TASK PROMPT =>
Exactly as they appear, retype the lines from the one containing "Nanlite FS-300B 2KIT" through the final line of the data below. Leave pictures out.

SUPPLIED INFORMATION =>

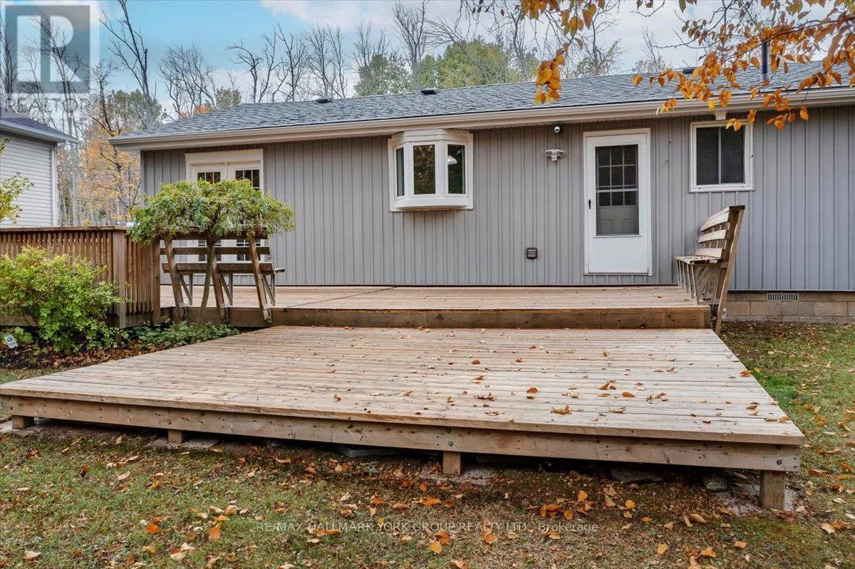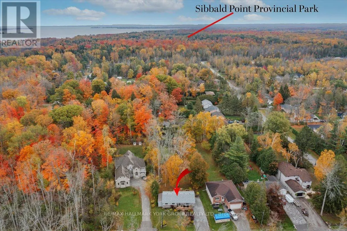 Cross Streets: Park Rd & Evans Ave. ** Directions: Park Rd to Evans Ave. Charming 3-Bedroom Bungalow nestled on a quiet no-exit street and set on nearly half an acre, this delightful 3-bedroom Viceroy offers the perfect blend of comfort, privacy, and nature. Enjoy peaceful views of the surrounding forest, all within a short walk to Sibbald Point Provincial Park and the sparkling shores of Lake Simcoe. The home features a bright and spacious living room with a stylish barn door entry and a large picture window that fills the space with natural light. The eat-in kitchen and dining area provide plenty of room for family meals and gatherings, with a walk-out to a 30 Ft. x 12.5 Ft. tiered entertainer's deck-perfect for summer barbecues and outdoor living. Relax by the cozy firepit or unwind in your private, treed backyard, surrounded by nature. This year round residence offers a serene lifestyle just minutes from parks, trails, and the lake. (id:27476)
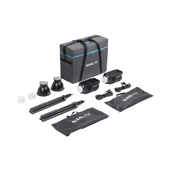Nanlite FS-300B 2KIT یک راه حل ایده آل برای عکاسان، فیلمبرداران و تولیدکنندگان محتوایی است که به دنبال یک کیت نورپردازی قدرتمند، انعطاف پذیر و قابل حمل هستند. این کیت شامل دو عدد چراغ Nanlite FS-300B به همراه دو عدد سه پایه نور نانلایت مدل LS-186 و یک کیف حمل دو تایی نانلایت Nanlite CC-S-FS-2KIT می باشد که نورپردازی حرفه ای را در استودیو و یا هنگام فیلمبرداری در محل، برای شما به ارمغان می آورد.
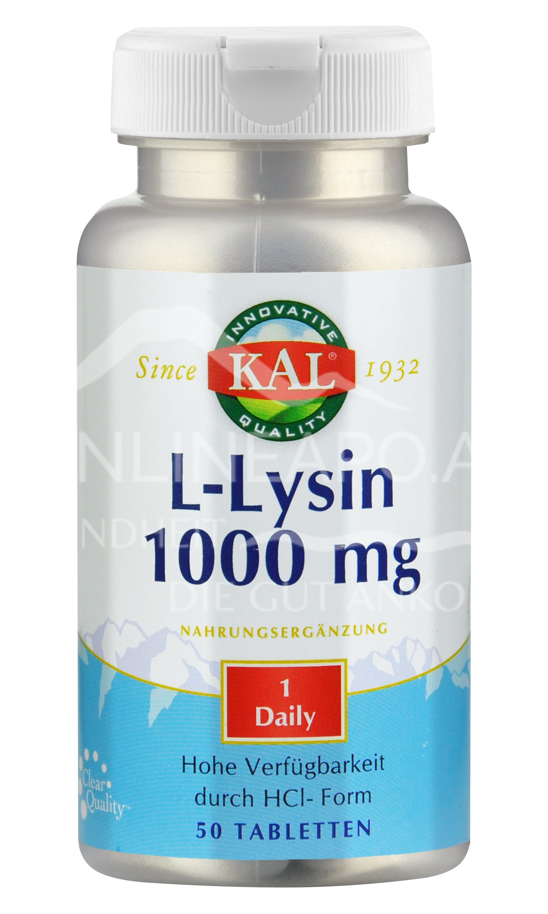 Food supplement with L-lysine. Contains 50 tablets, one tablet of which provides 1000 mg L-lysine. The tablets are vegan, GMO-free, lactose-free, sugar-free and gluten-free.
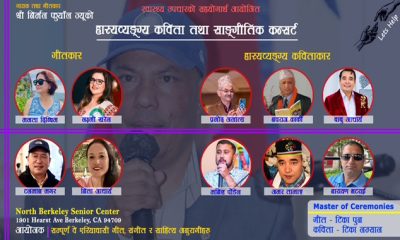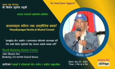क्यालिफोर्नियामा यहि डिसेम्बर महिनाको ७ तारिकमा पहिलो पटक हास्यव्यङ्ग्य कविता तथा सांगीतिक कन्सर्टको आयोजना गरिएको छ ।

FINISHED EXERCISE =>
Nanlite FS-300B 2KIT یک راه حل ایده آل برای عکاسان، فیلمبرداران و تولیدکنندگان محتوایی است که به دنبال یک کیت نورپردازی قدرتمند، انعطاف پذیر و قابل حمل هستند. این کیت شامل دو عدد چراغ Nanlite FS-300B به همراه دو عدد سه پایه نور نانلایت مدل LS-186 و یک کیف حمل دو تایی نانلایت Nanlite CC-S-FS-2KIT می باشد که نورپردازی حرفه ای را در استودیو و یا هنگام فیلمبرداری در محل، برای شما به ارمغان می آورد.
 Food supplement with L-lysine. Contains 50 tablets, one tablet of which provides 1000 mg L-lysine. The tablets are vegan, GMO-free, lactose-free, sugar-free and gluten-free.
क्यालिफोर्नियामा यहि डिसेम्बर महिनाको ७ तारिकमा पहिलो पटक हास्यव्यङ्ग्य कविता तथा सांगीतिक कन्सर्टको आयोजना गरिएको छ ।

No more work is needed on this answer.